Combination of Evolutionary Strategies and Mathematical Programming for the Optimization of Modular Steel Frames

C. Ebenau and G. Thierauf

Department of Civil Engineering, University of Essen, Germany

Full Bibliographic Reference for this paper
C. Ebenau, G. Thierauf, "Combination of Evolutionary Strategies and Mathematical Programming for the Optimization of Modular Steel Frames", in B.H.V. Topping, (Editor), "Developments in Computational Mechanics with High Performance Computing", Civil-Comp Press, Edinburgh, UK, pp 229-234, 1999. doi:10.4203/ccp.57.11.3
Abstract
Modular steel frames are prefabricated structures with slender elements, mostly under compressive forces. The analysis includes different non-linearities, e.g. the geometric non-linearities, global and local stability effects, in particular the local buckling of thin-walled elements, slippage and non-linear behaviour of joints.

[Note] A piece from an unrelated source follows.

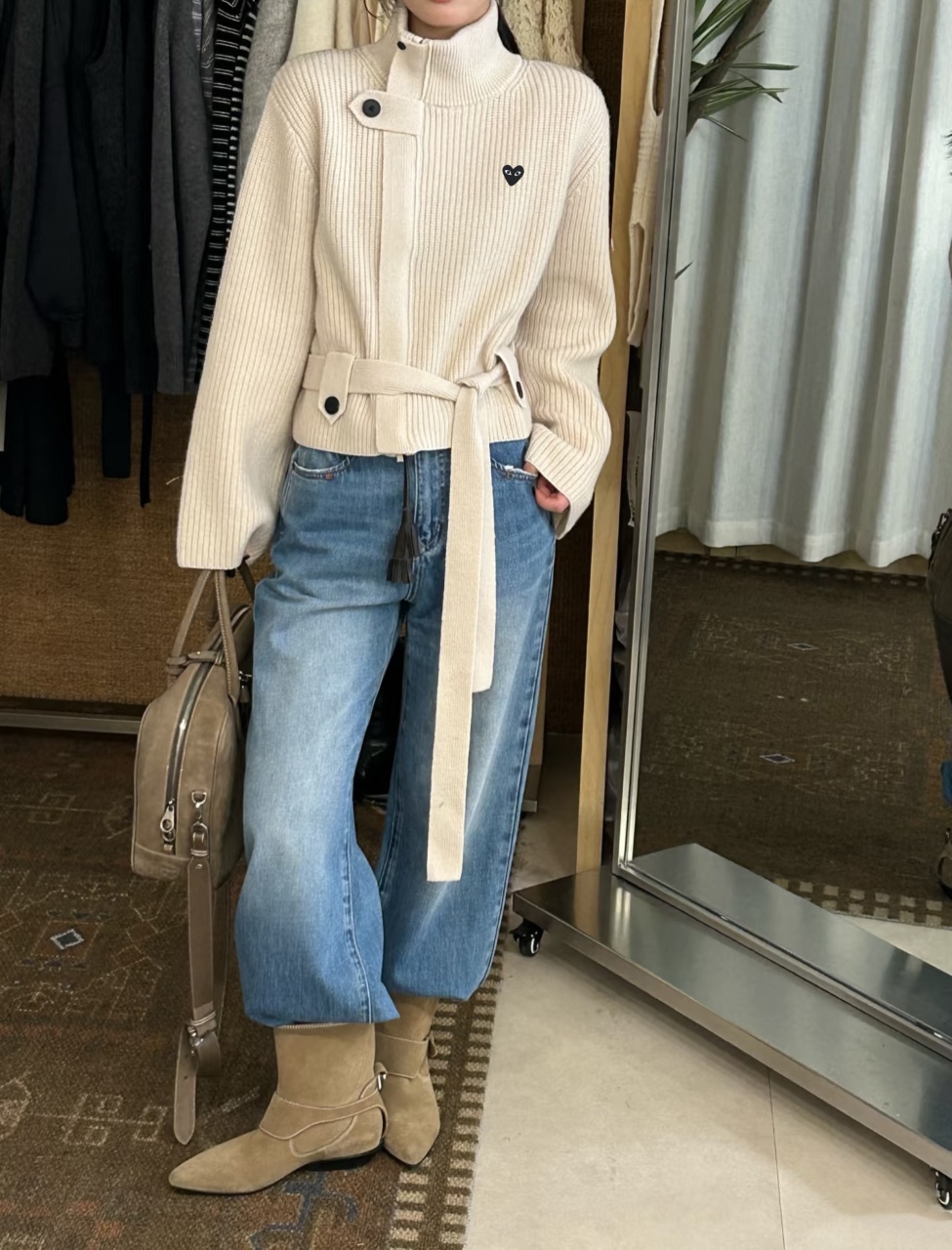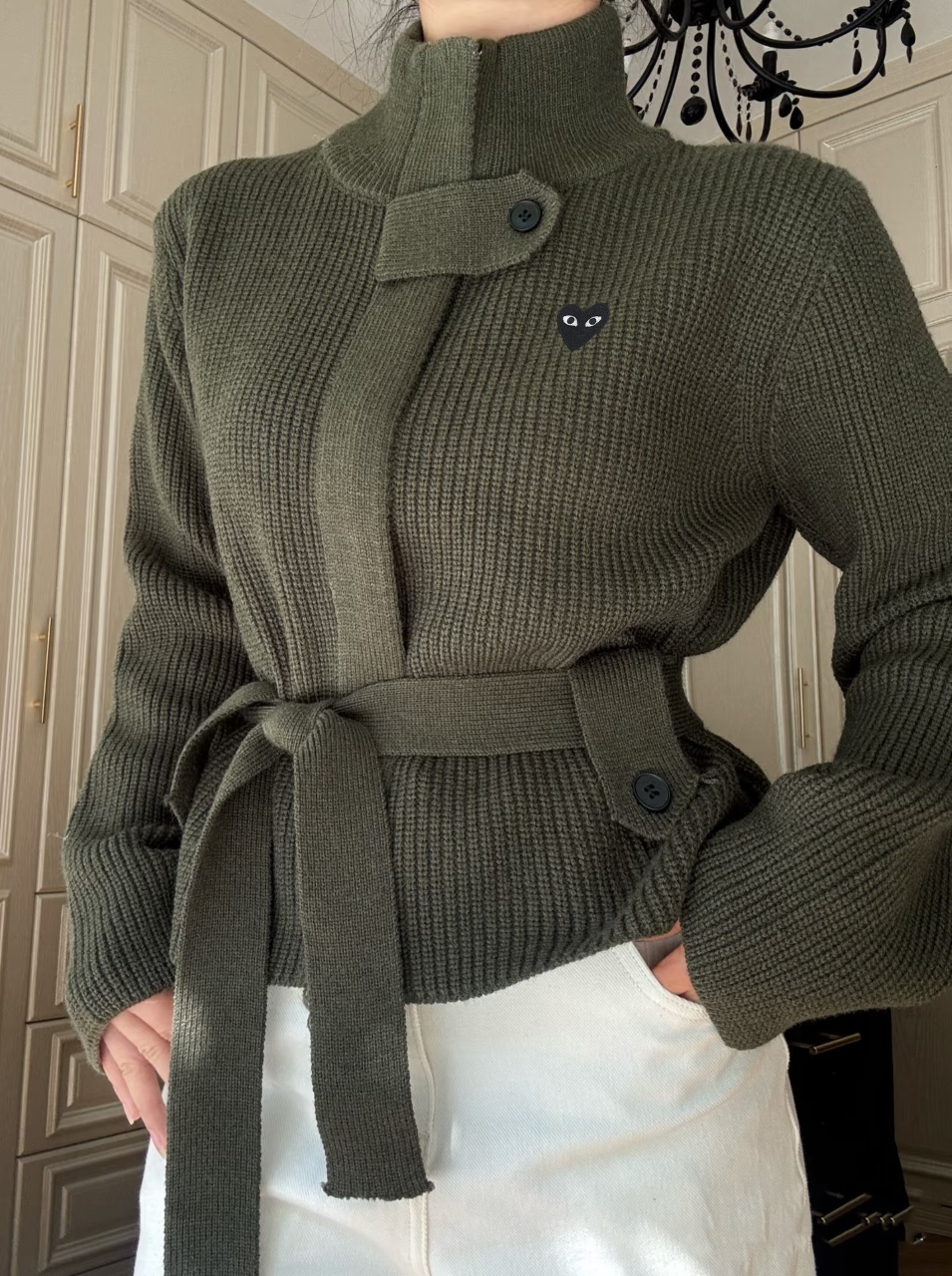 日本🇯🇵 CDG PLAY 立領系扣 + 腰帶拉鍊冷衫

The objective of the optimization is the minimal cost-design, which can be approximated by the weighted sum of the volume of the individual elements. The weighting factors and the objective function are adjustable. The optimization of modular systems requires the most advanced solution techniques but also a systematic pre-processing, sophisticated non-linear structural analysis within a three-dimensional model, an automated handling of stress- and displacement-constraints and other side-constraints.

The Optimization of these structures involves continuous and discrete variables mixed. The problem could be solved by decomposition into two subproblems: The first one is related to the discrete variables and solved by evolutionary strategies (ES). To solve this subproblem special accommodations of the ES regarding the discontinuous behaviour of the discrete variables has to be done. The second subproblem with continuous variables is solved by mathematical programming. The ES are used as upstream strategies, which calls the gradient-based solver iterative. The decomposition of the optimization problem is well suited for parallelization on multi-processors.